I was entranced by what Jason was saying because it was so similar to my experience. I must have looked like I was not listening as Jason asked me if I understood what he was saying.
“Oh, yes Jason, I totally understand. In fact, I was just thinking how everything you have told me is so similar to my own experiences. But, please, continue. I will tell my story later. I want to hear every word you to tell me.”
“Are you sure?” Jason questioned. “I don’t want to monopolize our conversation.”
“No, please continue. I truly am hearing everything. It is just that I feel your words so deeply in my heart that it may look like I am not attending to you. Please continue.” I said as I reached out and touched his heart. In the second that my hand touched his heart I felt a rush of energy move into my hand, up my arm and into my own heart. What was this relationship? Who were we to each other, and how could we be so very much alike?
“All right, I will continue, mainly because I fear if I stop telling my story I may never have the courage to speak of it again.”
I shook my head in agreement, not wanting to say any more words.
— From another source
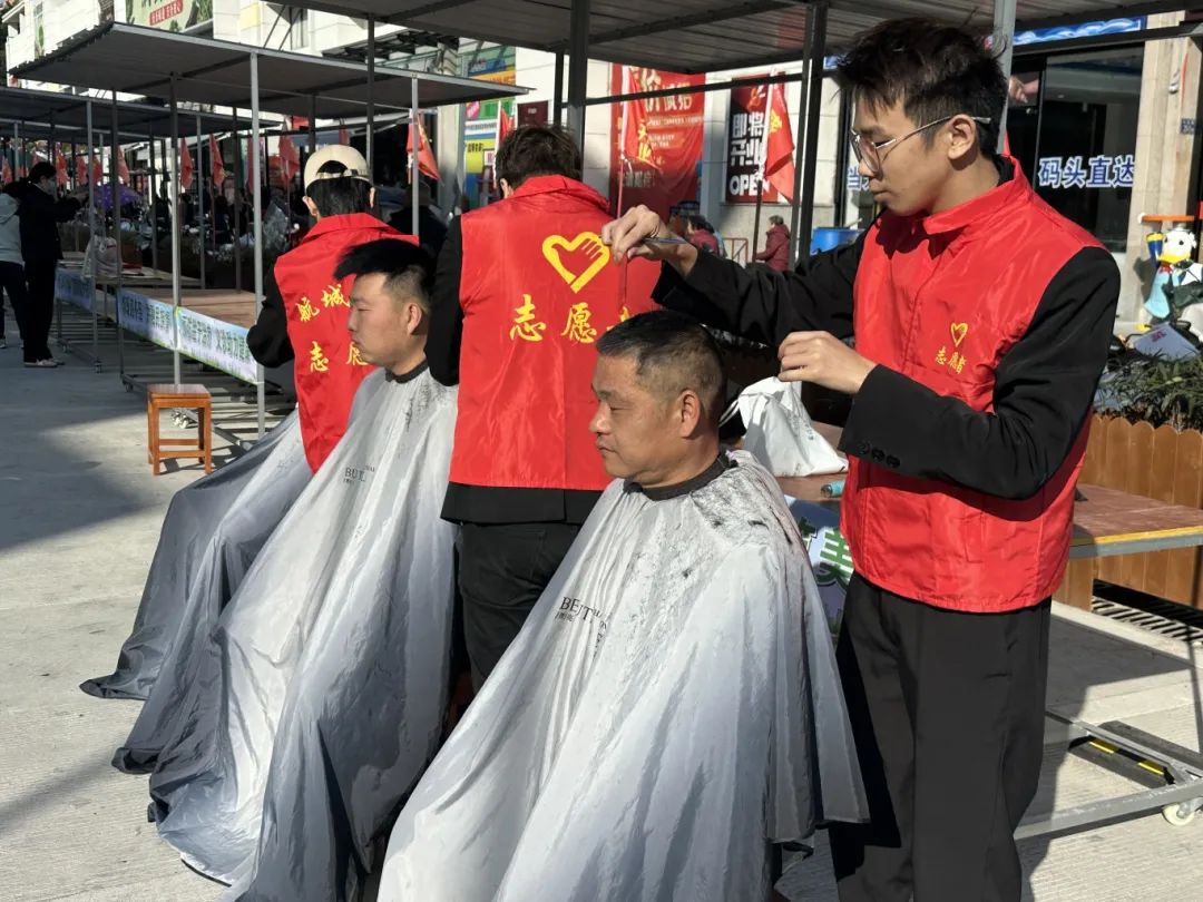 现场还免费派送暖心汤圆,提供免费理发、爱心缝补健康义诊等服务,受到群众一致好评。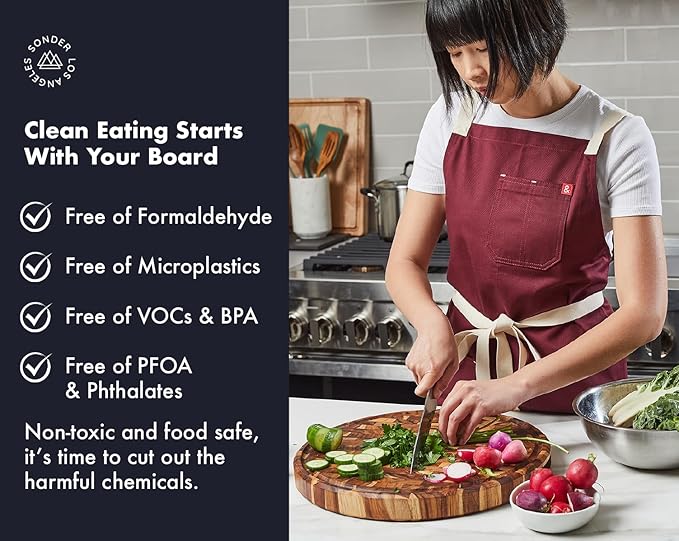 Sonder LA, End Grain Teak Wood Cutting Board 15" Round 1.5" Thick with Juice Groove and Built-in Handles, Charcuterie Serving Board (Gift Box Included)

I looked into his eyes to encourage him to continue.
“I do not know what is going on here, but I feel like I have known you forever. I asked Mytre who you were, but he would only say that I would need to find that out on my own. I have no idea what he meant by that, except that I think he wanted me to tell you about my feelings.
“It is not just meeting Mytre that has changed my life. It is also my feelings about you. It seems that we are connected in levels that are beyond my understanding. I am happy about this connection, and I want to continue spending time with you and getting to know you more and more. But, I have gotten off my story. Is it alright if I continue?”
I eagerly nodded yes and said. “Please do.”
“Well, Mytre started to take me onto his Starship. He told me that he normally served on the Arcturian Mothership, but he was presently serving on a much smaller Ship because of his present assignment. In fact, he told me that I, and you, were a part of this assignment.
“Mytre seems to speak into my heart and mind, and I write down everything he says. Is it possible that he is just a figment of my imagination...”
“No, No,” I burst out. “I have met him too!”
The look on Jason’s face when I said those words, made me know that I was totally in love with him. His look was filled with joyful acceptance. He did not doubt me one bit and was actually happy that I had had a similar experience.
“It is like we are one person!” he said with that sexy smile on his face.